16 ; Berangkat

Pagi hari yang cerah, begitu juga dengan senyum Arsen yang begitu semringah. Sejak mentari belum menyinari bumi, bocah itu sudah selesai dengan semua persiapan. Hanya tinggal berangkat saja.

Rencananya, Arsen ingin berangkat ke sekolah menggunakan motornya sendiri. Dengan ransel besar di punggung, dia yakin bisa mengatasinya dan selamat sampai tujuan. Akan tetapi, dari semalam Elan bersikeras untuk mengantar. Hubungan mereka sedang di fase baik, oleh karena itu, Arsen tidak ingin menolaknya dan membuat semua menjadi runyam.

"Gimana semuanya, Sayang? Ada yang kurang nggak? Jangan sampai nanti pas sampai ke lokasi malah ada barang penting yang ketinggalan." Tia muncul dari balik pintu. Masih dengan apron menempel di tubuhnya, wanita itu memastikan persiapan berkemah sang putra.

Mengabaikan ujaran Tia, Arsen mengenakan sneakers kesayangannya. Meski tangan fokus mengikatkan tali, tapi pikirannya jauh berkelana. Bagaimana dia bisa menangani Cleon untuk kali ini? Karena bocah itu turut serta dalam kegiatan kemah, sudah dipastikan dia memiliki rencana buruk lain yang mungkin saja bisa mencelakai Arsen.

"Tuh 'kan, kamu ngelamun lagi. Arsen denger Mama ngomong nggak, sih?" Tia menegur sedikit keras karena merasa diabaikan.

"Eh ... eum. Iya, Ma. Maaf." Bocah itu berdiri spontan dan raut bingung tercetak jelas di wajahnya.

"Kenapa, Ma? Ada apa?" Arsen bertanya ulang, dia sedikit lengah karena terlena dalam pikirannya sampai-sampai tak tahu apa yang sudah ibunya katakan, padahal dia mendengar suaranya.

Tia membenarkan letak topi yang putranya gunakan dan menatap heran putranya untuk beberapa saat.

"Mama pesan satu hal, ya, Nak. Rutin minum obat kamu dan jangan kebanyakan melamun, usahakan sama temen terus, ya? Kalau ada apa-apa, langsung hubungi Mama atau Papa. Oke?"

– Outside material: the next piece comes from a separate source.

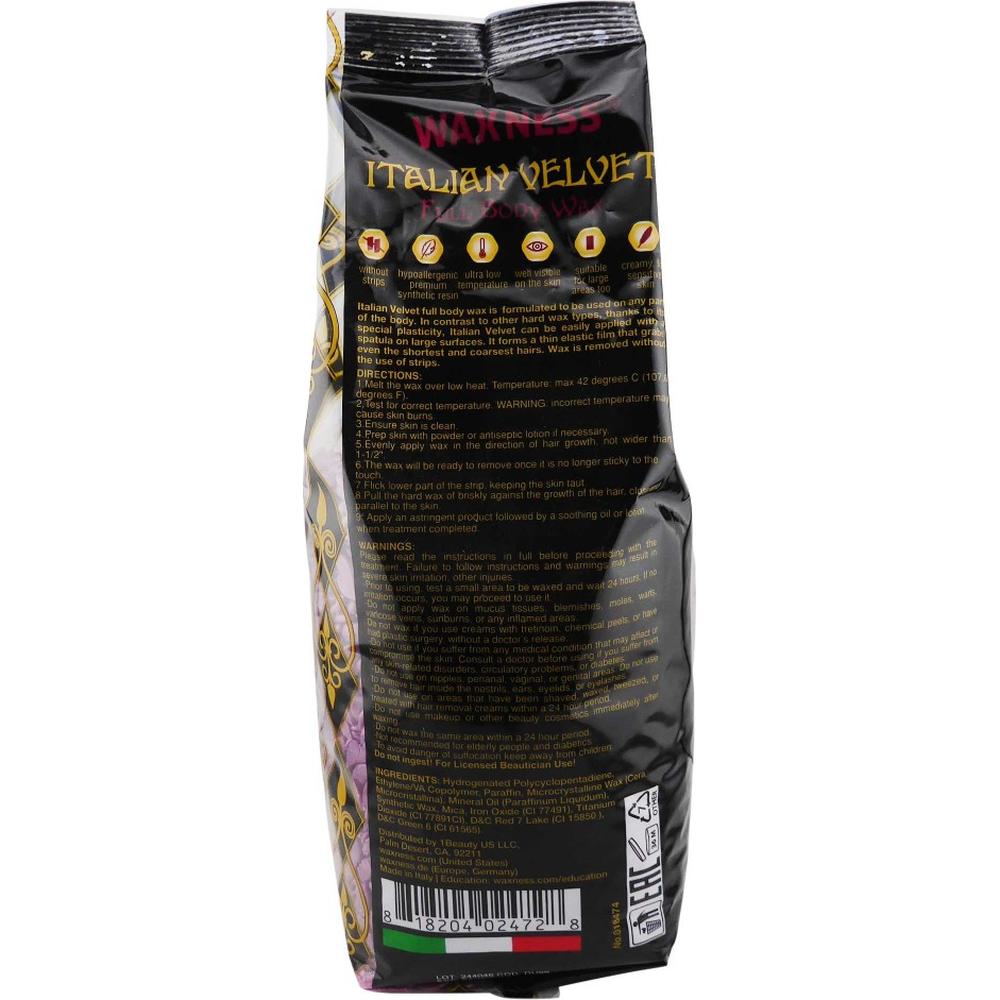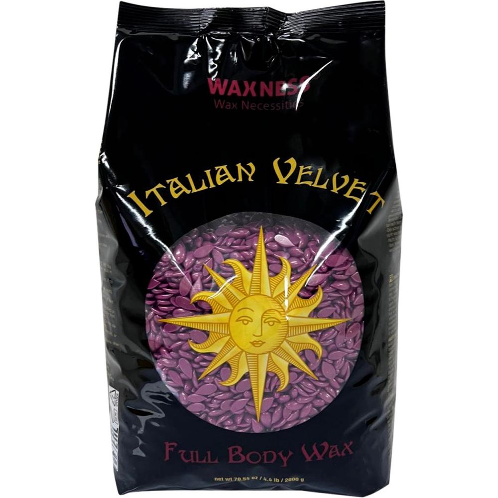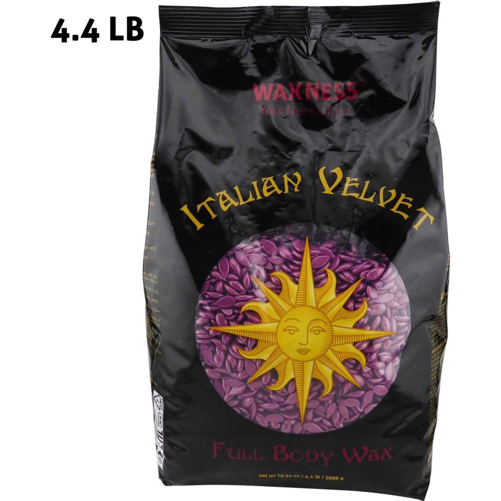 Italian Velvet Full Body Hard Wax Beads 8.8 Lbs. When it comes to waxing, professionals know that choosing the right product can make all the difference. The Waxness Italian Velvet Full Body Hard Wax is designed to meet the needs of high-end salons and spas that require superior performance with every use. This wax is formulated with additional pliability, making it easy to apply on large surfaces with a spatula. Its smooth, elastic texture creates a thin, even layer that grips even the toughest hairs, no matter the length. And with its strip-free formula, you get flawless results without any hassle.
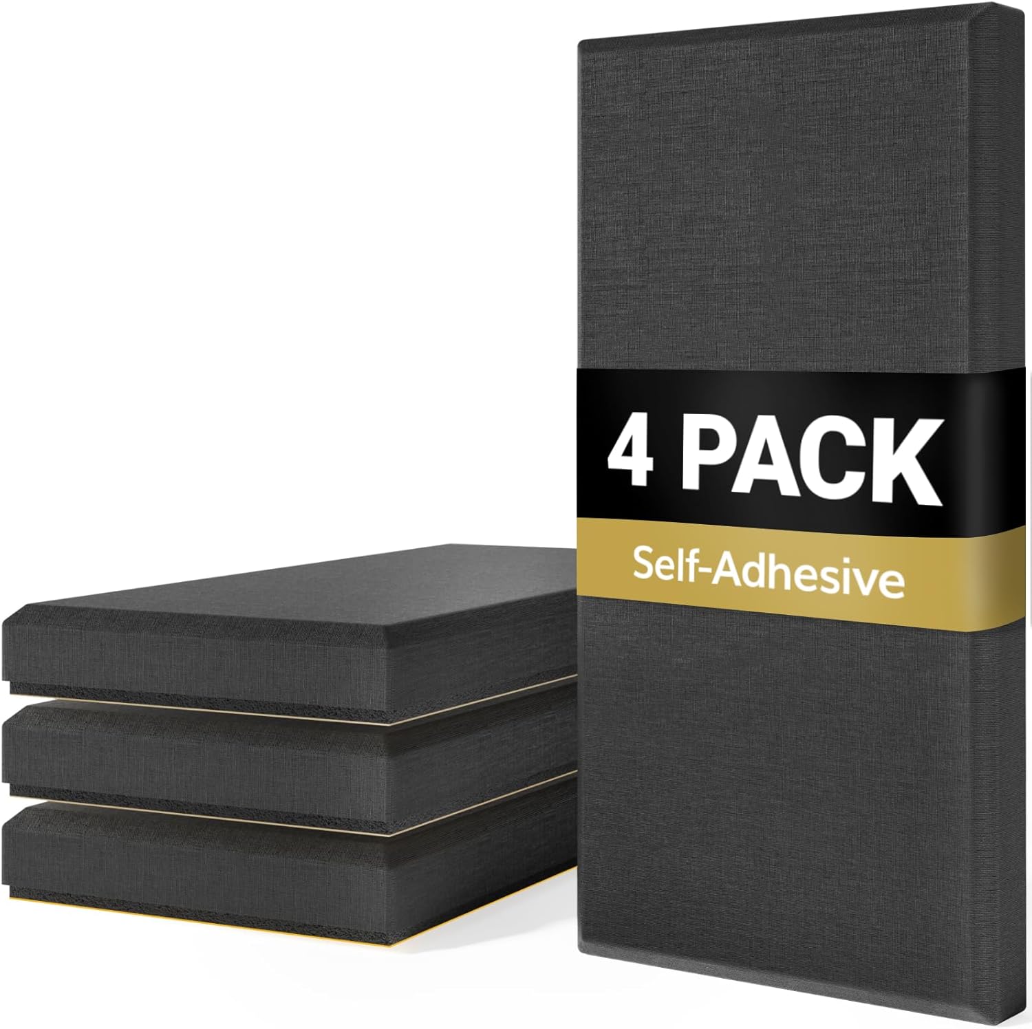 TONOR 4 PCS Large Acoustic Panel, 23.6″ * 11.8″ * 2.05″ 3D Fiberglass Sound Proof Panel with Full Self-adhesive, Decorative Echo Absorbing Wall Panel, for Studio, Living Room, Home, Office, Black

Mendapat perhatian seperti ini membuat remaja yang menginjak usia delapan belas tahun itu tersentuh. Dengan lembut ia mencium punggung tangan ibunya dan tersenyum lebar. Berusaha menunjukkan bahwa dia akan baik-baik saja.

"Aku udah gede, Ma. Jangan terlalu khawatir, aku bisa jaga diri." Bohong, sebenarnya dia sedikit tidak tenang jika mengingat eksistensi Cleon.

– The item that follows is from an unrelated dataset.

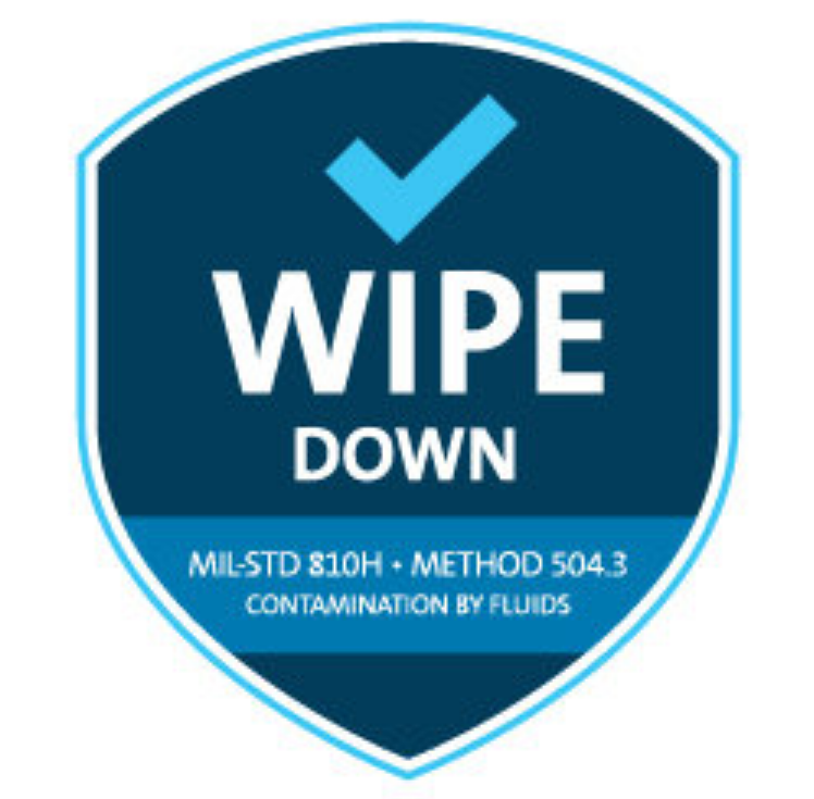 Meets wipe down (MIL-STD-810H Method 504.3 Contamination by Fluids) testing standards.
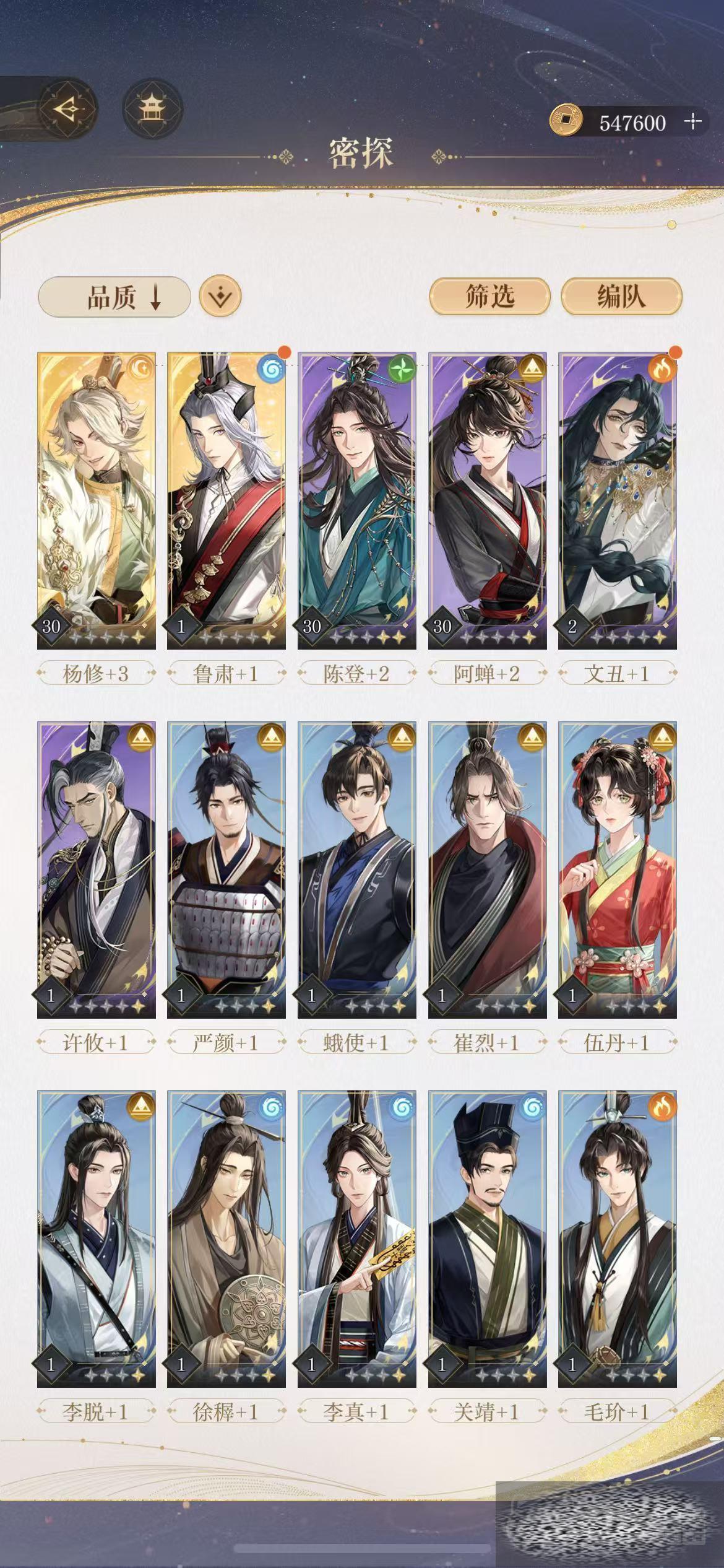 所以在使用这个角色时,让他担任队长也是比较合适的选择,另外就是需要配备合适的队友了,阿蝉,史子眇,陈登,以及颜良,就是比较适合初期时与他搭配在一起的密探,能够充分的将他的输出能力发挥出来。

"Ya udah kalau gitu. Ayo turun, kita sarapan dan kamu boleh berangkat. Papa udah selesai panasin mobil, tuh."

Tidak perlu diperintah dua kali, Arsen menggendong ranselnya dan berjalan menuruti tangga. Aroma masakan yang lezat langsung menerobos indra penciumannya begitu Arsen tiba di meja makan.

Dilihatnya Elan sudah duduk penuh wibawa dengan sebuah koran di tangannya. Ayah tirinya ini seperti orang kuno. Ketika zaman sudah modern, dia masih menggunakan koran untuk membaca berita daripada mengikuti info di internet.

"Pagi," sapa Arsen sedikit malas. Dia sudah berjanji pada diri sendiri untuk akur dengan Elan. Jadi, dia harus menepatinya.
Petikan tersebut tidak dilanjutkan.